◆ **Task**
Emit a verbatim copy of the lines below from the line with "Недавно Уиллоу видели" through the line with "ALL DAY MENU", excluding pictures and everything outside that range.

◆ **Source material**
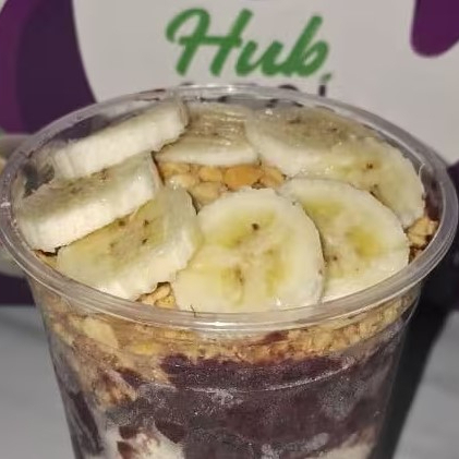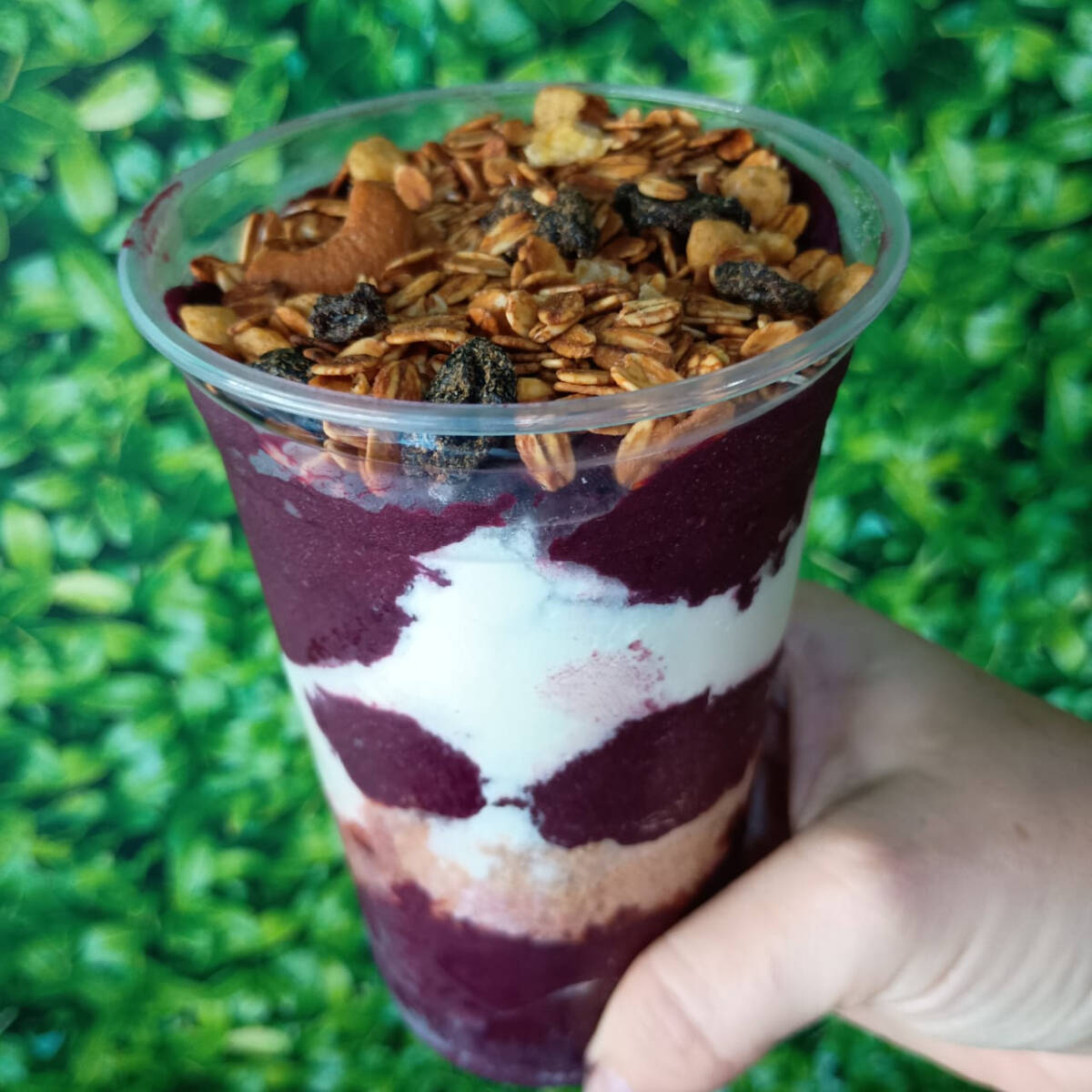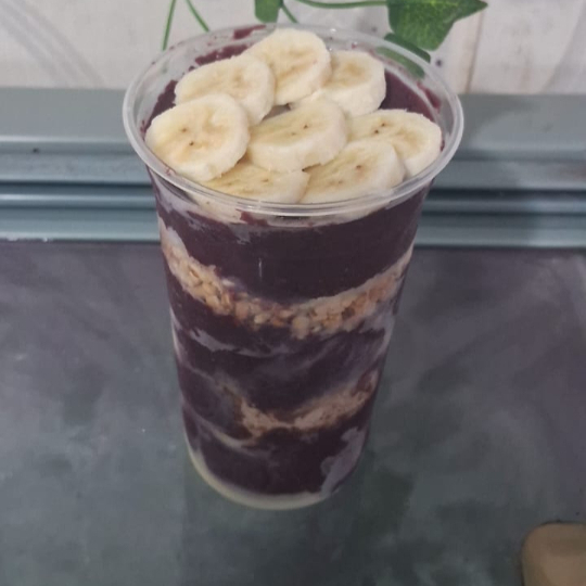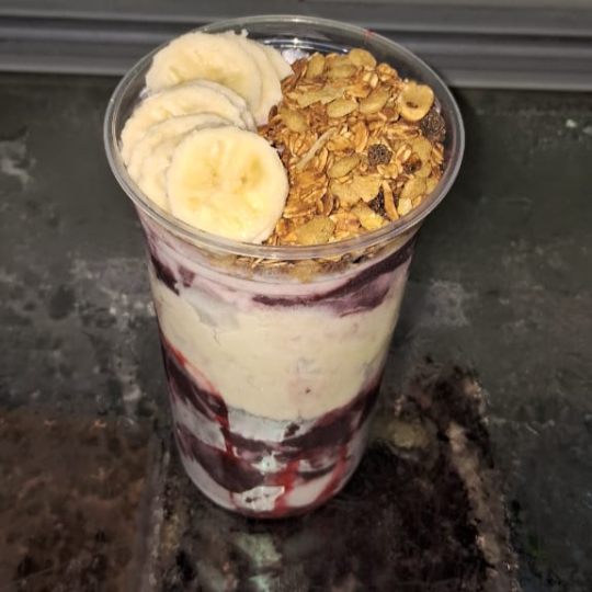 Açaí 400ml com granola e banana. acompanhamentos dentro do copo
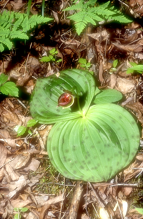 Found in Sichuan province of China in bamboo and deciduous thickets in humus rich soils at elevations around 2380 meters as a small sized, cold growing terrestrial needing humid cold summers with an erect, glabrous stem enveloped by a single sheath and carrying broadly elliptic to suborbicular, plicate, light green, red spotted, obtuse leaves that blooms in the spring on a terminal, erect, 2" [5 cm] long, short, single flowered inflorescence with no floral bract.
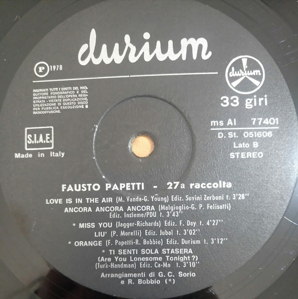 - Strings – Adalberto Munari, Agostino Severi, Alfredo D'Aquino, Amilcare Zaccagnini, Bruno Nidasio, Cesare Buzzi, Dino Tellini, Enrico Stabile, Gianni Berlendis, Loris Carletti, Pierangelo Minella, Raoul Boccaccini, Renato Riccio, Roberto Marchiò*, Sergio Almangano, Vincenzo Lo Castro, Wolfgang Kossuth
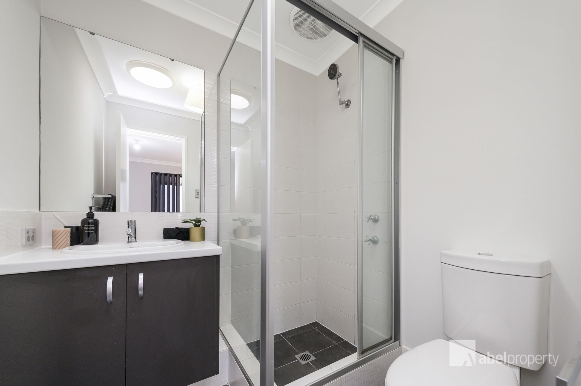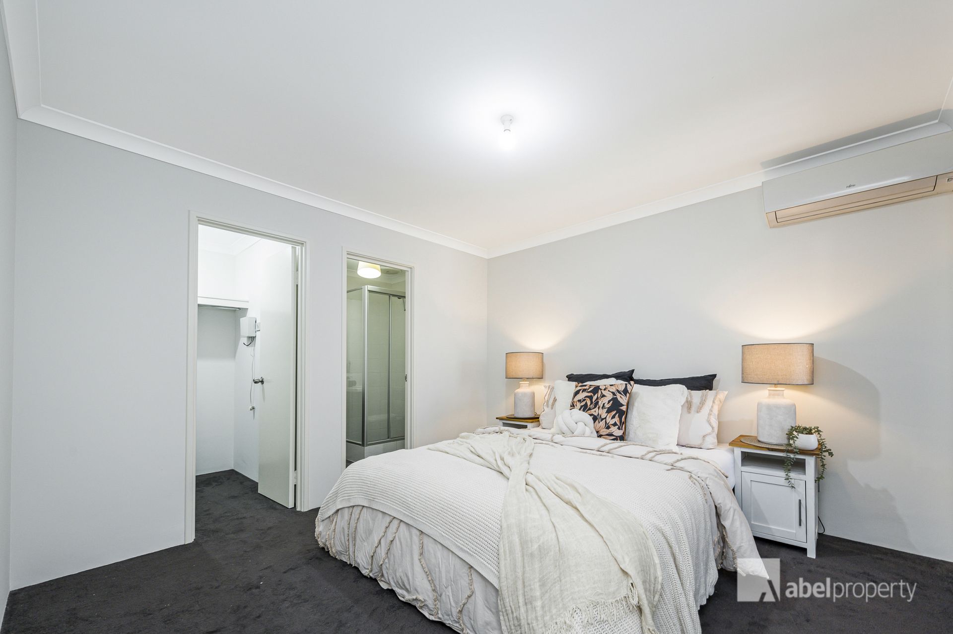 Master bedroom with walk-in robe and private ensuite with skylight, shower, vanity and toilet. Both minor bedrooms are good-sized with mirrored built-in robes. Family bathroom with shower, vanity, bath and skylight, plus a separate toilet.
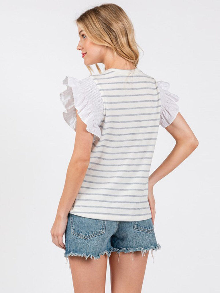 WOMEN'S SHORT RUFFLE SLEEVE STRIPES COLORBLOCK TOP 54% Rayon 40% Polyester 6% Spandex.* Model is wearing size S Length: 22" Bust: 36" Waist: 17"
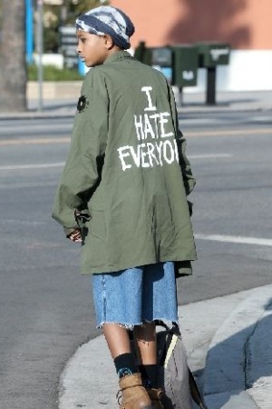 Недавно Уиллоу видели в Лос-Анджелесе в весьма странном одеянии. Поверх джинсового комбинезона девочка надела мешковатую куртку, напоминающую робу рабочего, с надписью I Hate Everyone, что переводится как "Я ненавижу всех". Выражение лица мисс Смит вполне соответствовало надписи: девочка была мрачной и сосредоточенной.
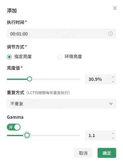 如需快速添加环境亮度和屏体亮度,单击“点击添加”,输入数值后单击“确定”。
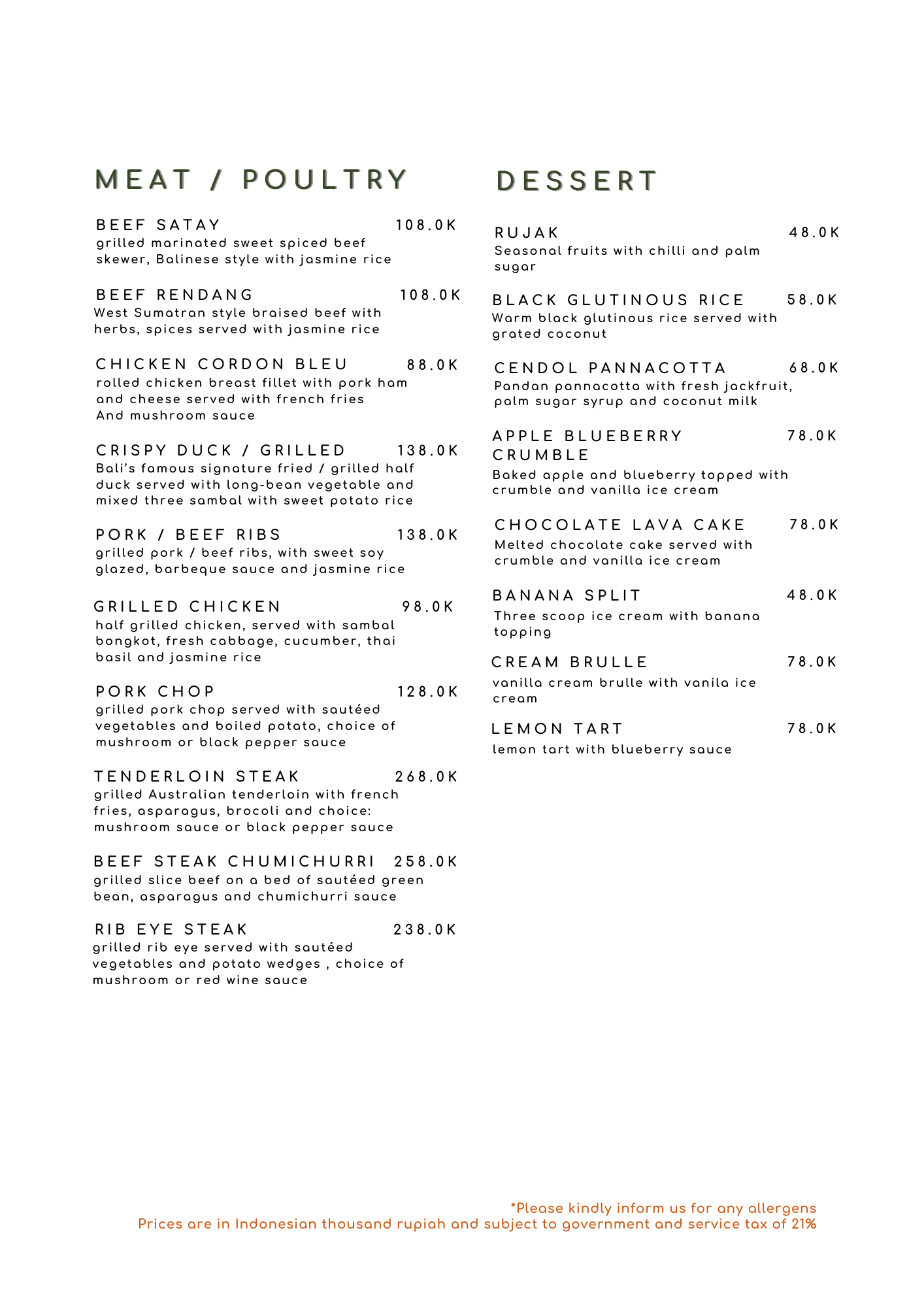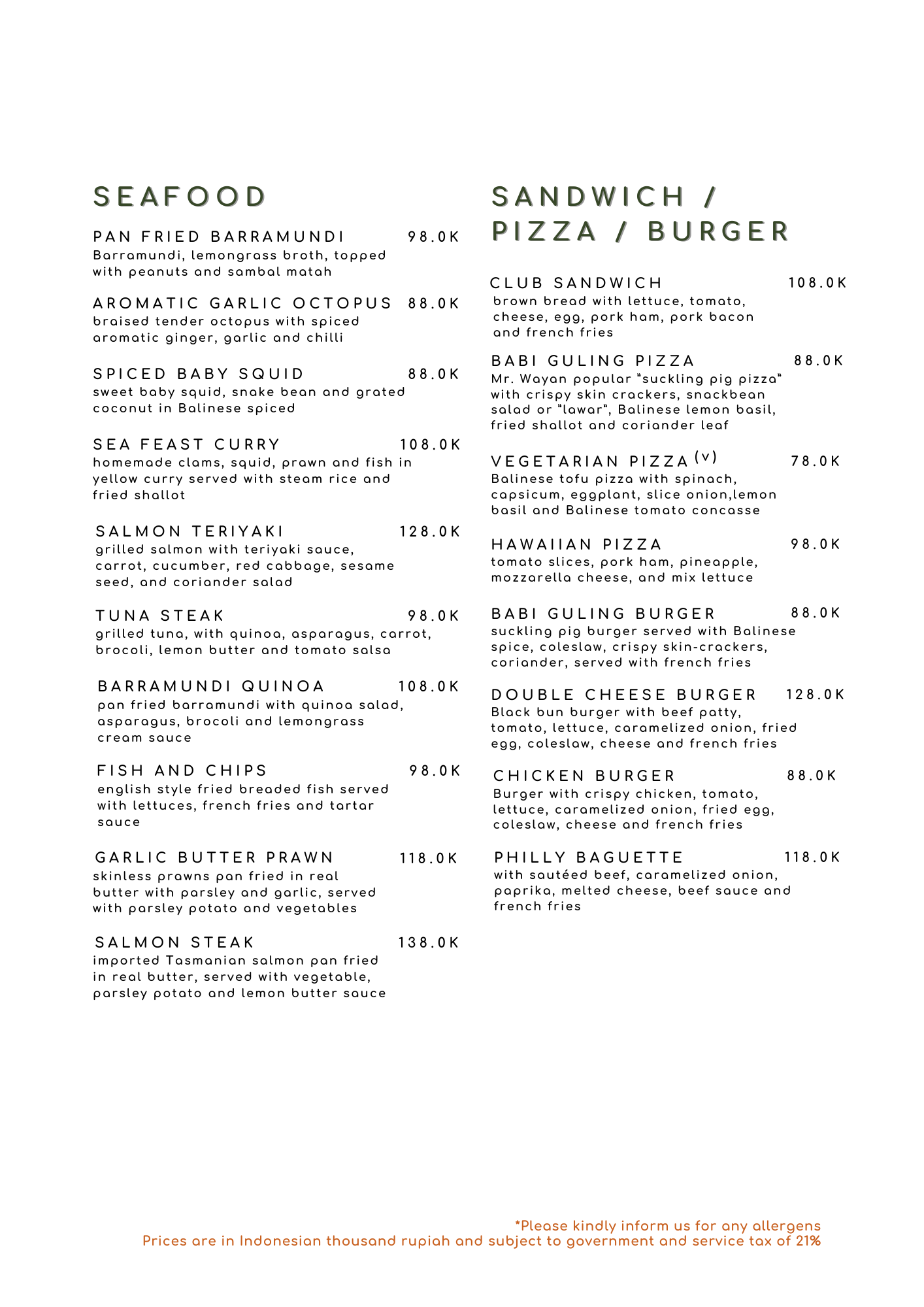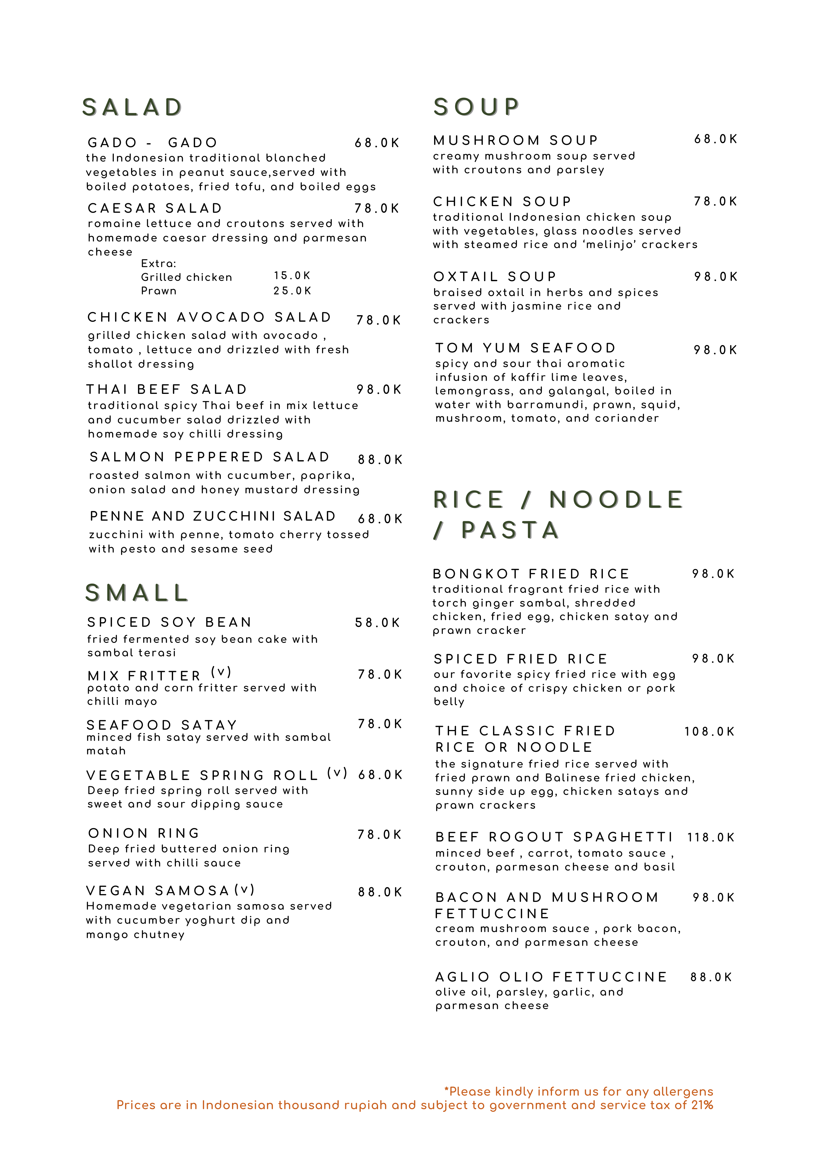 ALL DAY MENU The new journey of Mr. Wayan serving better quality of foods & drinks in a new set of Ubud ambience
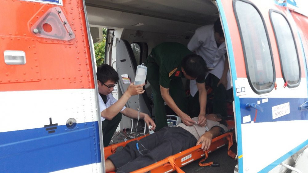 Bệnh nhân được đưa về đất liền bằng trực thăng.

◆ **The completed task**
 Недавно Уиллоу видели в Лос-Анджелесе в весьма странном одеянии. Поверх джинсового комбинезона девочка надела мешковатую куртку, напоминающую робу рабочего, с надписью I Hate Everyone, что переводится как "Я ненавижу всех". Выражение лица мисс Смит вполне соответствовало надписи: девочка была мрачной и сосредоточенной.
 如需快速添加环境亮度和屏体亮度,单击“点击添加”,输入数值后单击“确定”。
 ALL DAY MENU The new journey of Mr. Wayan serving better quality of foods & drinks in a new set of Ubud ambience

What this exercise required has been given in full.